Thence they sailed past the country of the Hylleyans by way of various islands and stopped at the island of Aia, in the Tyrrhenian Sea where they encountered Circe. From Aia they passed the island of the Sirens against whose magic the songs of Orpheus protected them. They passed in safety between Scylla and Charybdis with the help of the gods, and reached the isle of the Phaeacians, then within sight of the Peloponnese, a storm drove them into the Libyan Syrtes, whence they carried their ship overland on their shoulder for twelve days and nights to ultimately reach Lake Tritonis where they launched the Argo again. Thence they sailed through the Mediterranean by way of Crete and they succeeded in landing thanks to the magic of Medea in overcoming Talos. From Crete the heroes reached Aegina whence they arrived at Pegasae, the starting point of their long and adventurous journey.

Numerous ancient Greek geographers and historians have dealt with the expedition of the Argonauts. And many believed that the journey had in fact taken place. Strabo later wrote that the expedition did occur and that the tale relating the wanderings in the Tyrrhenian Sea was due to the fact that the ancient Greeks believed the Black Sea to be a vast body of water linking all the other seas, and that the Istrus had two mouths, one in the Adriatic and another in the Black Sea. Strabo even maintained that before the voyage of the Argo, Phrixus had undertaken an expedition the purpose of which was the wealth of Colchis in gold, silver and iron. Most students of Greek mythology today believe the agonautic expedition to have taken place and interpret it as the effort of the Greeks to establish new colonies in the Euxine. The golden fleece legend in the view of these scholars arose from the particles of gold brought down by the rushing torrents of Colchis which were collected by the inhabitants with the fleece of sheep.

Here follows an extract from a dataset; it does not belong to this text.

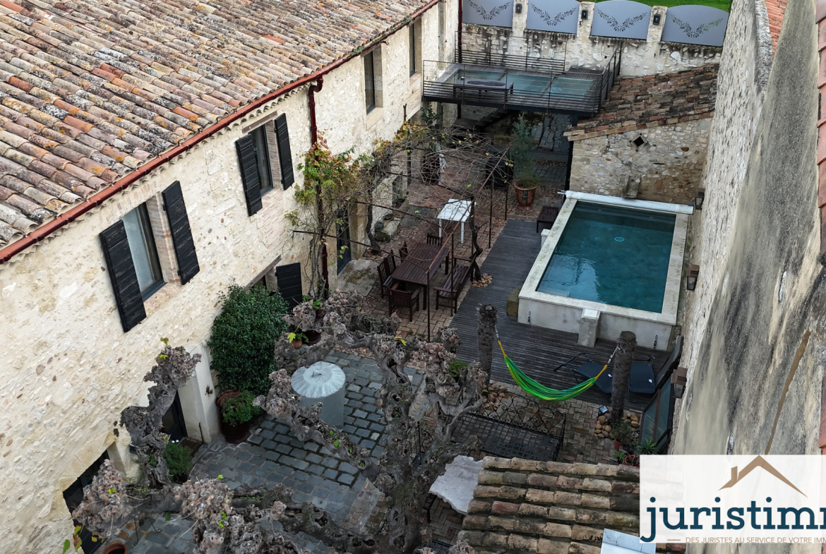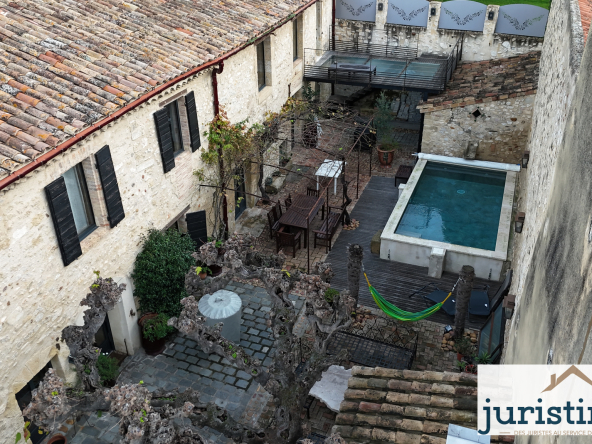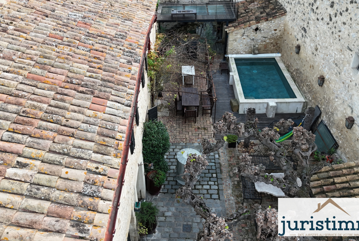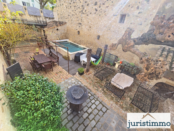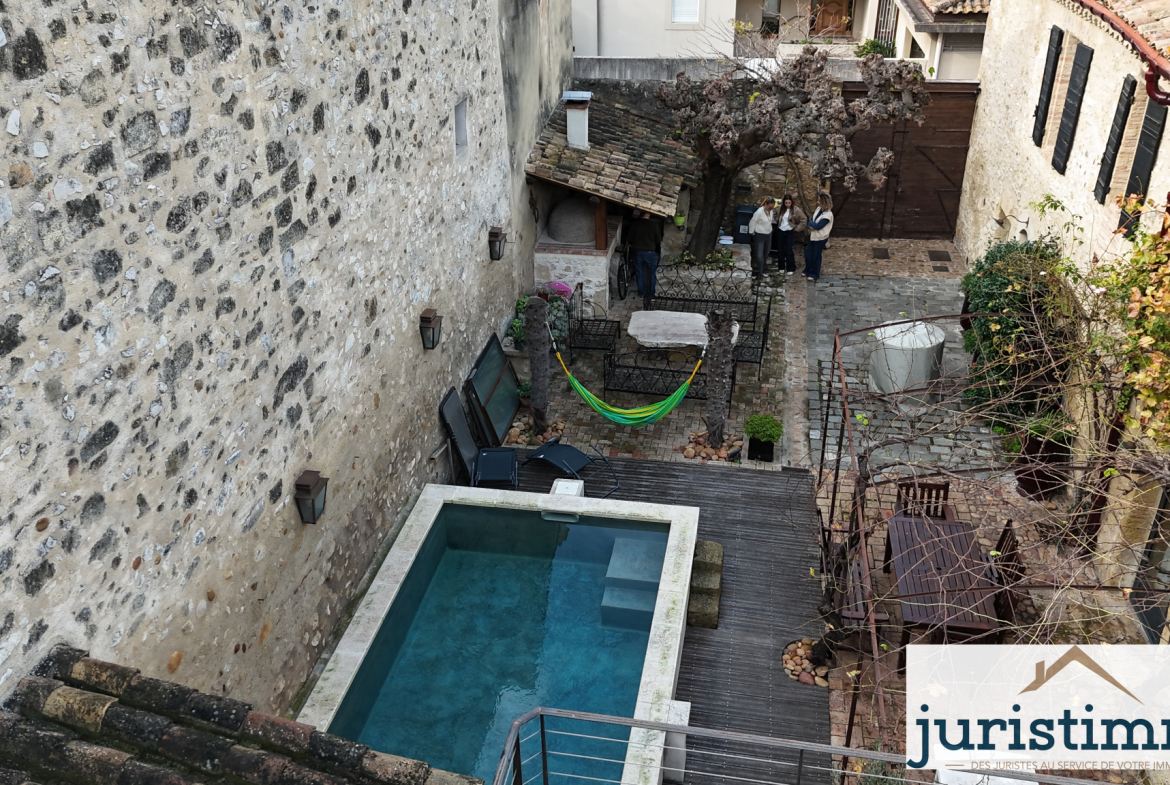À l’extérieur, 181 m2 d’espaces comprenant une terrasse plein Sud et une cour intérieure modulable (espace détente ou stationnement), comprenant une picsine sans vis-à-vis.
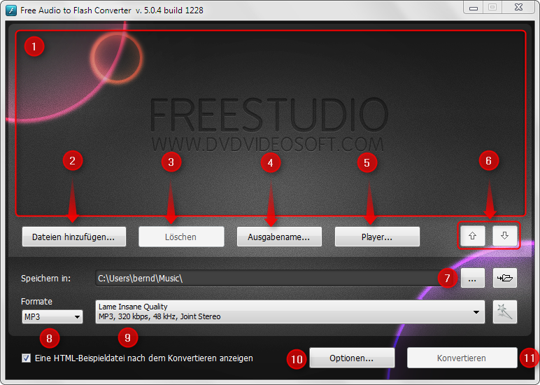 Nun kommt Punk 5, hier kann man schon den Unterschied zu normalen Konvertern sehen. Sie können hier einen Player für die Dateien festlegen. Der Player wird dann beim Aufruf der Flash Datei angezeigt. Wählen Sie also das Player Menü an, können Sie zwischen verschiedenen wählen, egal ob klassisch, modern oder bunt. Wie so viele andere Programme auch, kann dieses Programm die Dateien nicht gleichzeitig konvertieren. Es konvertiert die Dateien immer nacheinander und fängt bei der obersten im Vorschaufenster an. Möchten Sie die Konvertierung mit einer anderen Datei starten ist das kein Problem. Sie können die Reihenfolge beliebig über die Pfeile (Punkt 6) anpassen. Haben Sie nun die Grundschritte abgearbeitet können Sie nun noch einen Ausgabeordner angeben (Punkt 7). In diesem Ordner werden dann alle umgewandelten Flash Inhalte angezeigt. Sie können aber natürlich auch den Standardordner belassen, der vom Programm vorgegeben wird. Nun sollten Sie sich noch ein Format (Punkt 8) und eine passende Qualität (Punkt 9) aussuchen, bevor Sie mit dem Konvertieren starten. Die Optionen (Punkt 10) können Sie ignorieren, da hier keine Einstellungen gemacht werden können die Einfluss auf das Konvertieren der Audio Dateien hätte. Haben Sie nun alle Einstellungen getätigt und haben alle gewünschten Audio Dateien ausgewählt, können Sie die Konvertierung starten (Punkt 11).

Lastly, many believe, on the basis of the Hittite archives in which were found Greek names and which until then were treated as purely mythical, that Jason himself may easily have been a daring seafarer who defied the dangers of navigation and entered the Euxine in the search for new ports and people with whom he could trade. Finally, as in the case of all Greek myths, so in that of the Argonauts, there are certain scholars who support the contention that the myth has weather connotations, and that Jason was a sun hero who tamed the demons of the storm. [pp. 93-95]

[Kyriazis, Constantine D. Eternal Greece. Translated by Harry T. Hionides. A Chat Publication.]